Exercise materials Start Marker

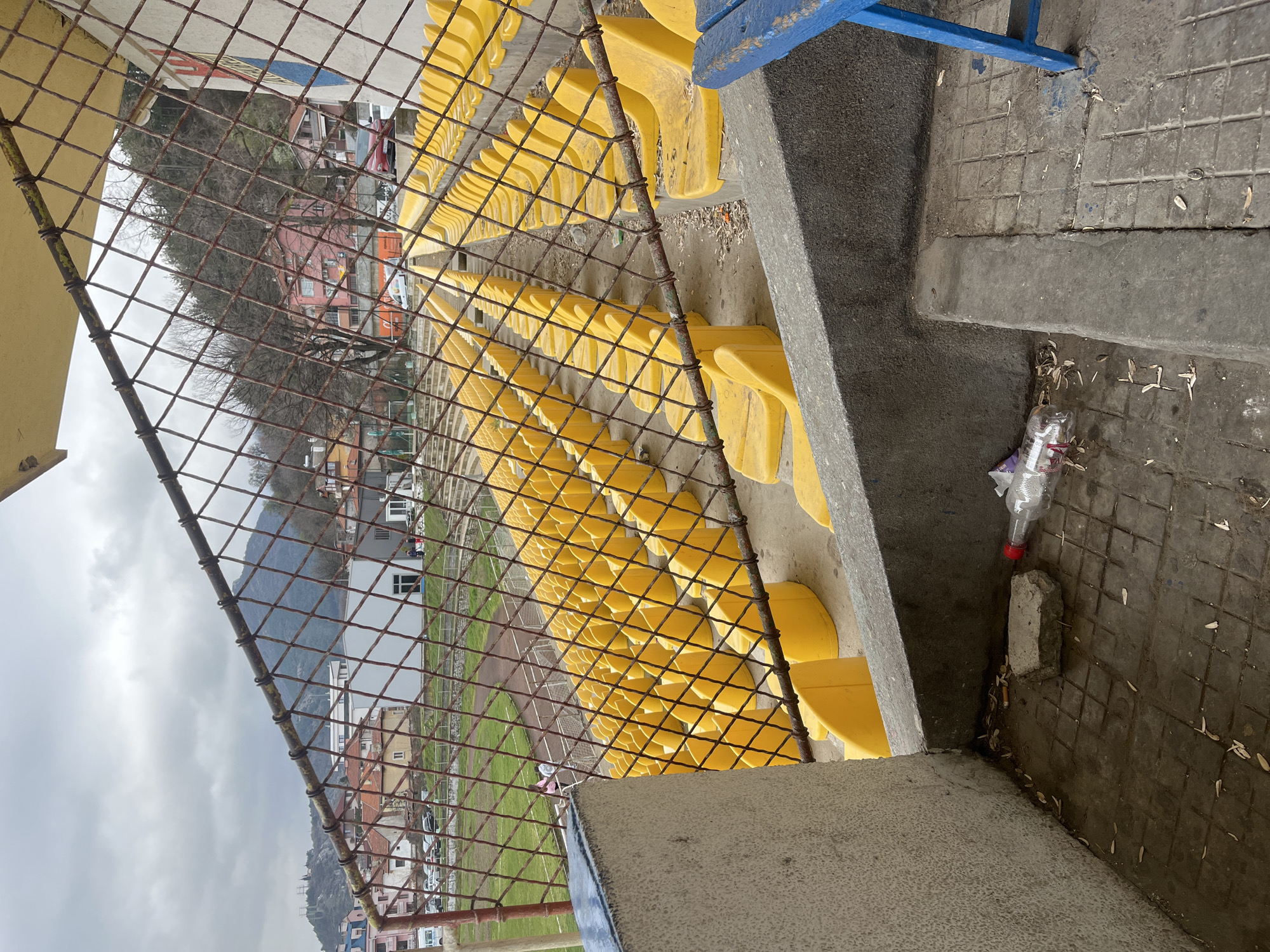 The image depicts a section of an outdoor stadium in Asenovgrad, Bulgaria, viewed from elevated spectator stands on an overcast day. A rusty, diamond-patterned wire mesh fence diagonally bisects the frame, serving as a barrier between the viewer and the field. Below the fence, rows of empty, individual yellow plastic seats are bolted onto concrete tiers, showing signs of wear and dirt accumulation. In the immediate foreground, a concrete base or wall runs horizontally. On the tiled ground surface adjacent to this wall, a clear plastic bottle with a red cap lies on its side, partially crushed. Next to it is a rectangular concrete block and a cigarette butt. Scattered dry leaves or seed hulls are visible on the ground. A partial blue wooden support structure is visible on the far right. Beyond the yellow seats, a green grassy sports field with a reddish-brown running track is visible. Two individuals in light and dark clothing are discernable on the track in the distance. The background reveals a residential area with various multi-story buildings, including structures with pink, white, and blue facades, and parked vehicles. Further in the distance, a large, tree-covered mountain dominates the horizon under a cloudy sky. On a distant hill to the left, several utility poles or communication towers are visible. A faded mural or logo featuring red, blue, and white elements is visible on a wall to the right of the seating area.
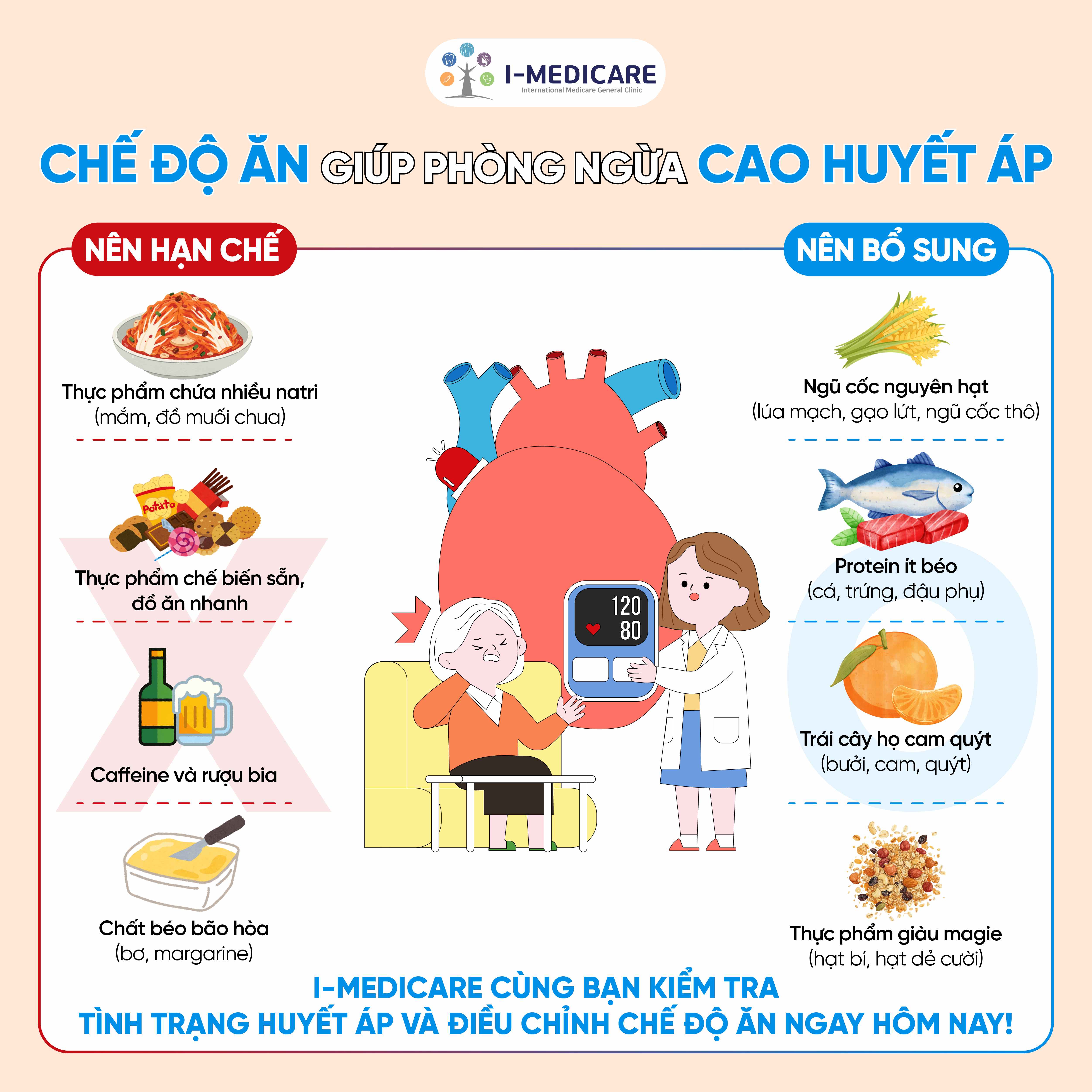 Chúng tôi cam kết đồng hành cùng bạn trong việc chăm sóc sức khỏe toàn diện, giúp bạn phòng ngừa và kiểm soát huyết áp hiệu quả. Bài viết trên giúp bạn hiểu rõ hơn về các yếu tố ảnh hưởng đến huyết áp và cách điều chỉnh chế độ ăn uống sao cho phù hợp. Nếu bạn có bất kỳ câu hỏi nào hoặc muốn kiểm tra huyết áp, đừng ngần ngại liên hệ với I-Medicare ngay hôm nay!
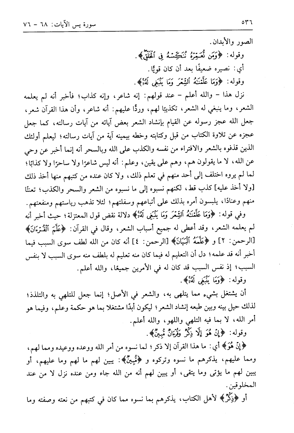 وقوله: (وَمَا عَلَّمْنَاهُ الشِّعْرَ وَمَا يَنْبَغِي لَهُ ... (69)
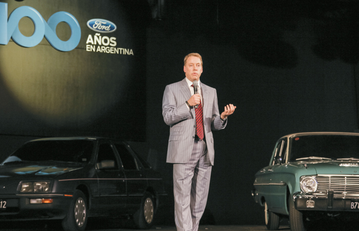 En un evento realizado en el Hotel Hilton de Buenos Aires, Ford recorrió un siglo de innovaciones introducidas por la Marca, las cuales marcaron el pulso de la industria automotriz y de la sociedad argentina. Más de doscientos representantes de los más importantes medios compartieron la celebración junto a destacados ejecutivos de Ford Motor Company, tal es el caso de Mark Fields, COO de Ford Motor Company, Ziad Ojakli, vicepresidente ejecutivo de Asuntos Gubernamentales y Relaciones con la Comunidad y Steven Armstrong, Presidente de Ford Sudamérica.
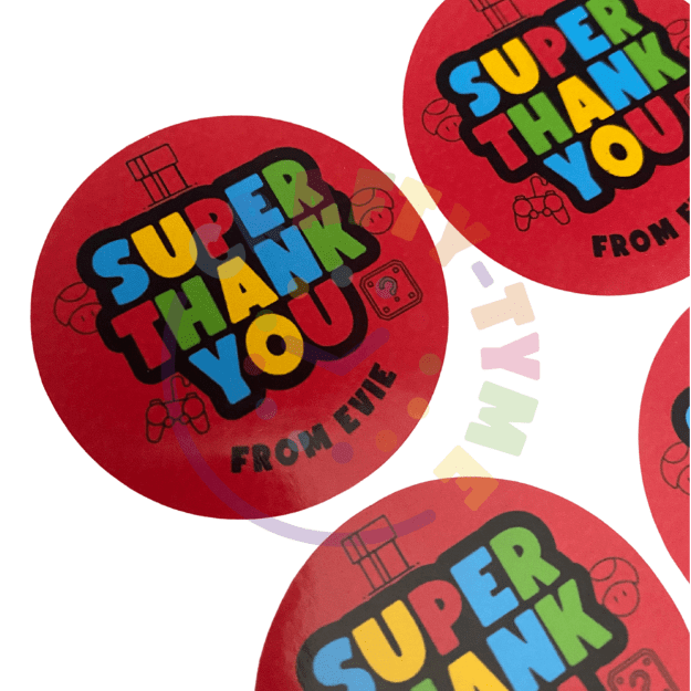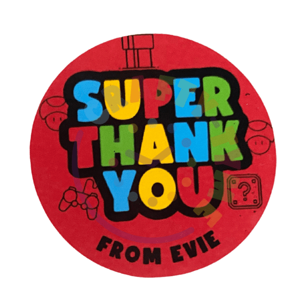 Thank your guests for coming to your party with these personalised super-kart birthday stickers. Great for securely sealing items in loot bags or finishing touch to sweet cones.

Exercise materials End Marker

> Your task:
The entries above are to be returned exactly, without their pictures.

> Solution for this problem:
 The image depicts a section of an outdoor stadium in Asenovgrad, Bulgaria, viewed from elevated spectator stands on an overcast day. A rusty, diamond-patterned wire mesh fence diagonally bisects the frame, serving as a barrier between the viewer and the field. Below the fence, rows of empty, individual yellow plastic seats are bolted onto concrete tiers, showing signs of wear and dirt accumulation. In the immediate foreground, a concrete base or wall runs horizontally. On the tiled ground surface adjacent to this wall, a clear plastic bottle with a red cap lies on its side, partially crushed. Next to it is a rectangular concrete block and a cigarette butt. Scattered dry leaves or seed hulls are visible on the ground. A partial blue wooden support structure is visible on the far right. Beyond the yellow seats, a green grassy sports field with a reddish-brown running track is visible. Two individuals in light and dark clothing are discernable on the track in the distance. The background reveals a residential area with various multi-story buildings, including structures with pink, white, and blue facades, and parked vehicles. Further in the distance, a large, tree-covered mountain dominates the horizon under a cloudy sky. On a distant hill to the left, several utility poles or communication towers are visible. A faded mural or logo featuring red, blue, and white elements is visible on a wall to the right of the seating area.
 Chúng tôi cam kết đồng hành cùng bạn trong việc chăm sóc sức khỏe toàn diện, giúp bạn phòng ngừa và kiểm soát huyết áp hiệu quả. Bài viết trên giúp bạn hiểu rõ hơn về các yếu tố ảnh hưởng đến huyết áp và cách điều chỉnh chế độ ăn uống sao cho phù hợp. Nếu bạn có bất kỳ câu hỏi nào hoặc muốn kiểm tra huyết áp, đừng ngần ngại liên hệ với I-Medicare ngay hôm nay!
 وقوله: (وَمَا عَلَّمْنَاهُ الشِّعْرَ وَمَا يَنْبَغِي لَهُ ... (69)
 En un evento realizado en el Hotel Hilton de Buenos Aires, Ford recorrió un siglo de innovaciones introducidas por la Marca, las cuales marcaron el pulso de la industria automotriz y de la sociedad argentina. Más de doscientos representantes de los más importantes medios compartieron la celebración junto a destacados ejecutivos de Ford Motor Company, tal es el caso de Mark Fields, COO de Ford Motor Company, Ziad Ojakli, vicepresidente ejecutivo de Asuntos Gubernamentales y Relaciones con la Comunidad y Steven Armstrong, Presidente de Ford Sudamérica.
 Thank your guests for coming to your party with these personalised super-kart birthday stickers. Great for securely sealing items in loot bags or finishing touch to sweet cones.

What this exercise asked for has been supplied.